Atualizado em 10 · 07 · 2026

1. O que é a Reforma Tributária

A Reforma Tributária brasileira (EC 132/2023 e LC 214/2025) substitui cinco tributos sobre consumo — PIS, Cofins, IPI (parcial), ICMS e ISS — por um modelo de IVA dual, composto por CBS (federal) e IBS (estadual e municipal compartilhado), somados a um Imposto Seletivo sobre bens e serviços prejudiciais à saúde e ao meio ambiente. O objetivo é simplificar a apuração, dar crédito integral em toda a cadeia e cobrar o tributo no destino do consumo — não mais na origem da produção.

2. Como funcionam CBS e IBS

CBS e IBS compartilham base de cálculo, fato gerador e regras de crédito. A diferença está em quem arrecada: a CBS vai para a União; o IBS é dividido entre estados e municípios pelo Comitê Gestor do IBS. Ambos são não-cumulativos plenos — todo tributo pago na aquisição de bens e serviços gera crédito para abater na saída, incluindo insumos hoje excluídos (energia, telecomunicações, uso e consumo, ativo imobilizado).

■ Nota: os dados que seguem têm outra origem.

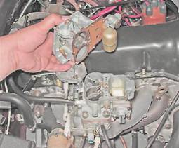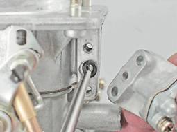 Между корпусом и крышкой карбюратора установлена уплотнительная прокладка. При наличии изломов и разрывов заменяем прокладку. 8. Для замены прокладки необходимо снять игольчатый клапан (см. выше, "Игольчатый клапан и поплавок - замена").
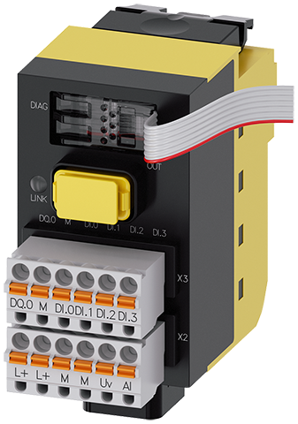 SIRIUS ACT con PROFINET: Módulo de interfaz de seguridad, 24 V DC, módulo de memoria incluido with 4 DI, 1 DQ (DC 24 V), 1 AI (10-Bit A/D resolution). Bornes de resorte.

Na prática, a base de cálculo é o preço da operação por fora do imposto, e a alíquota-padrão será fixada por resolução do Senado — a estimativa oficial gira em torno de 26,5%, somando CBS e IBS, com regimes diferenciados (redução de 60% ou 30%) para setores como saúde, educação, transporte coletivo e produtos da cesta básica.

3. Imposto Seletivo (IS)

O Imposto Seletivo é federal e incide sobre produção, comercialização ou importação de bens e serviços prejudiciais à saúde ou ao meio ambiente — cigarros, bebidas alcoólicas, bebidas açucaradas, veículos, embarcações, aeronaves e alguns bens minerais. Substitui parcialmente o IPI e entra em vigor em 2027, junto com a CBS.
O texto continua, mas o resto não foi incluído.